Written by Jimit Mehta | Apr 30, 2026 7:18:58 AM

Every B2B SaaS company has an ICP document. Most of them are aspirational rather than empirical: built from the founder’s intuition, adjusted by marketing’s content strategy, and eventually ignored by the sales team who go after any company that will take a meeting.

The problem with a hypothesis-based ICP is that it gets stale. Markets shift. Your product evolves. The customers who were a perfect fit at Series A look different from the customers who drive the best retention metrics at Series C. And yet the ICP doc sits in Notion, unchanged, gradually diverging from reality.

Refining your ICP with closed data changes the relationship. Instead of describing who you think you should sell to, you are describing who you have actually sold to successfully and why. The result is a sharper targeting model, lower customer acquisition costs, and better retention because you are acquiring customers who are genuinely suited to your product.

This playbook walks through the full refinement process.

When to Do an ICP Refinement

ICP refinement is not a once-a-year exercise. The right cadence depends on your stage and the speed at which your market and product are changing.

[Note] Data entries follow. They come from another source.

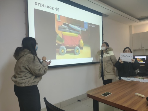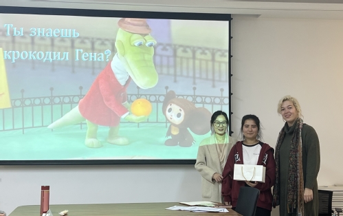 本次俄语角的主题是“Ты знаешь крокодила Гена?”首先,主持人刘林园、姜诗蕊为大家播放了同学们提前准备好的精彩配音,并以这种方式带大家走进小鳄鱼盖拿的故事。阎美萍老师,周瑞平老师,卡佳老师对配音进行了现场指导。俄语角活动中还进行了“俄语描述猜词”“俄语版谁是卧底”等游戏,加深了同学们对于常见俄语单词的认识。现场氛围活跃,同学们收获颇丰。本期俄语角打擂形式是配音+现场活动积分,最终通过几个环节的角逐,最终俄语2201班迪丽努尔·阿卜杜拉夺得擂主。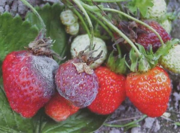 Mostly strawberries are damaged by gray mold.which may occur in cool, wet weather. Fruits become soft with color gray from decay. During rains, experts recommend for preventive purposes of the disease, sprinkle sawdust between rows.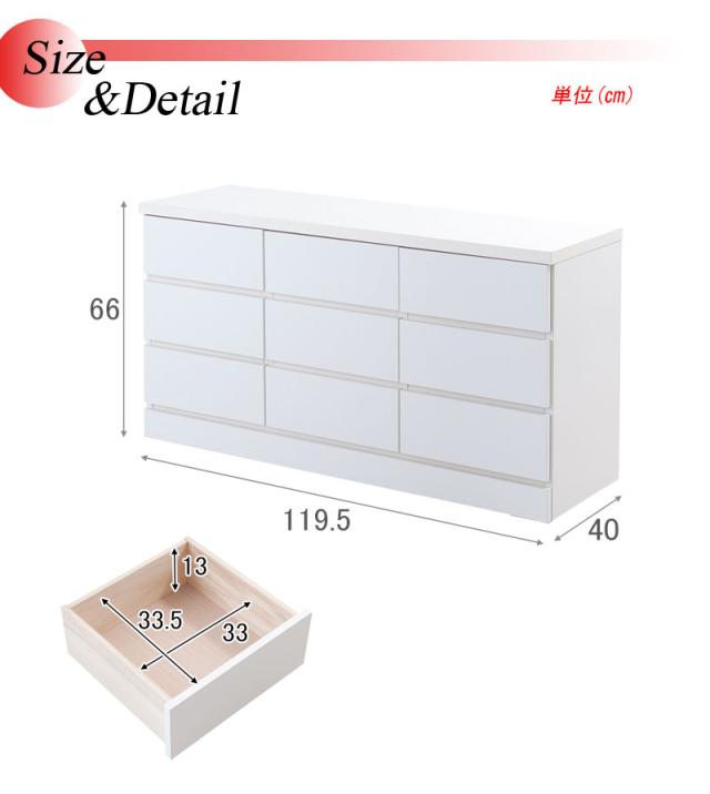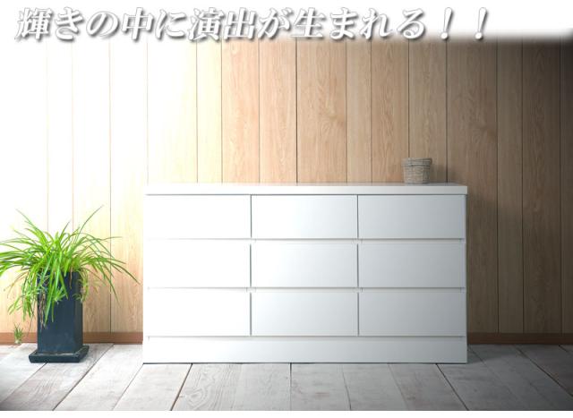 \ポイント消化!/ ホワイトベンチチェスト 幅120cm 多段タイプ 3段 9杯 日本製 完成品 チェスト

Do a full ICP refinement when: - You have just hit 100 paying customers and have enough data to build a statistically meaningful view of what your best customers look like - Customer churn is running above your target and you suspect you are closing wrong-fit accounts - Your win rate is declining and you cannot explain it by changes in competition or pricing - The sales team and marketing team are arguing about lead quality (this is almost always an ICP alignment problem) - You have launched a major new product capability that changes who you are most valuable to

Do a quarterly ICP audit when: - You have a defined ICP and want to check whether the data from the most recent quarter is consistent with the existing definition - You have onboarded a meaningful number of new customers and want to see if the cohort looks like your ICP

Step 1: Pull and Segment Your Closed-Won Data

Start with your CRM. Pull all closed-won deals from the last 12 to 18 months. For each deal, capture:

  • Company name and domain
  • Industry and sub-industry
  • Employee count at time of close
  • Annual recurring revenue at time of close (or estimated)
  • ACV of the deal
  • Sales cycle length (days from opportunity created to closed-won)
  • Lead source (how did the account first come to us?)
  • Which product or package they bought
  • The primary use case they bought for
  • Contract length

Now layer in the customer success data: - Current retention status (active, churned, expanded, contracted) - Current ARR (to see if they expanded or contracted from the initial deal) - NPS or CSAT score if available - Time to first value (how long did it take them to activate and get results?)

Create three customer cohorts:

Cohort 1 (your best customers): High ACV, expanding ARR, high NPS/CSAT, fast time to first value, short sales cycle. These are the customers you want more of.

Cohort 2 (average customers): Close to median on all metrics. Retained but not growing, average NPS, average sales cycle.

Cohort 3 (problematic customers): Churned, contracted, low NPS, long time to first value, or involved in significant support escalations.

Step 2: Find the Patterns in Your Best Customers

Analyze Cohort 1 in detail. Look for the patterns that distinguish your best customers from the average.

Firmographic patterns:

  • What industries are most heavily represented?
  • What is the employee count range?
  • What is the revenue range (estimated)?
  • What geographies?
  • What is the funding stage or ownership structure (bootstrap, VC-backed, PE-backed, public)?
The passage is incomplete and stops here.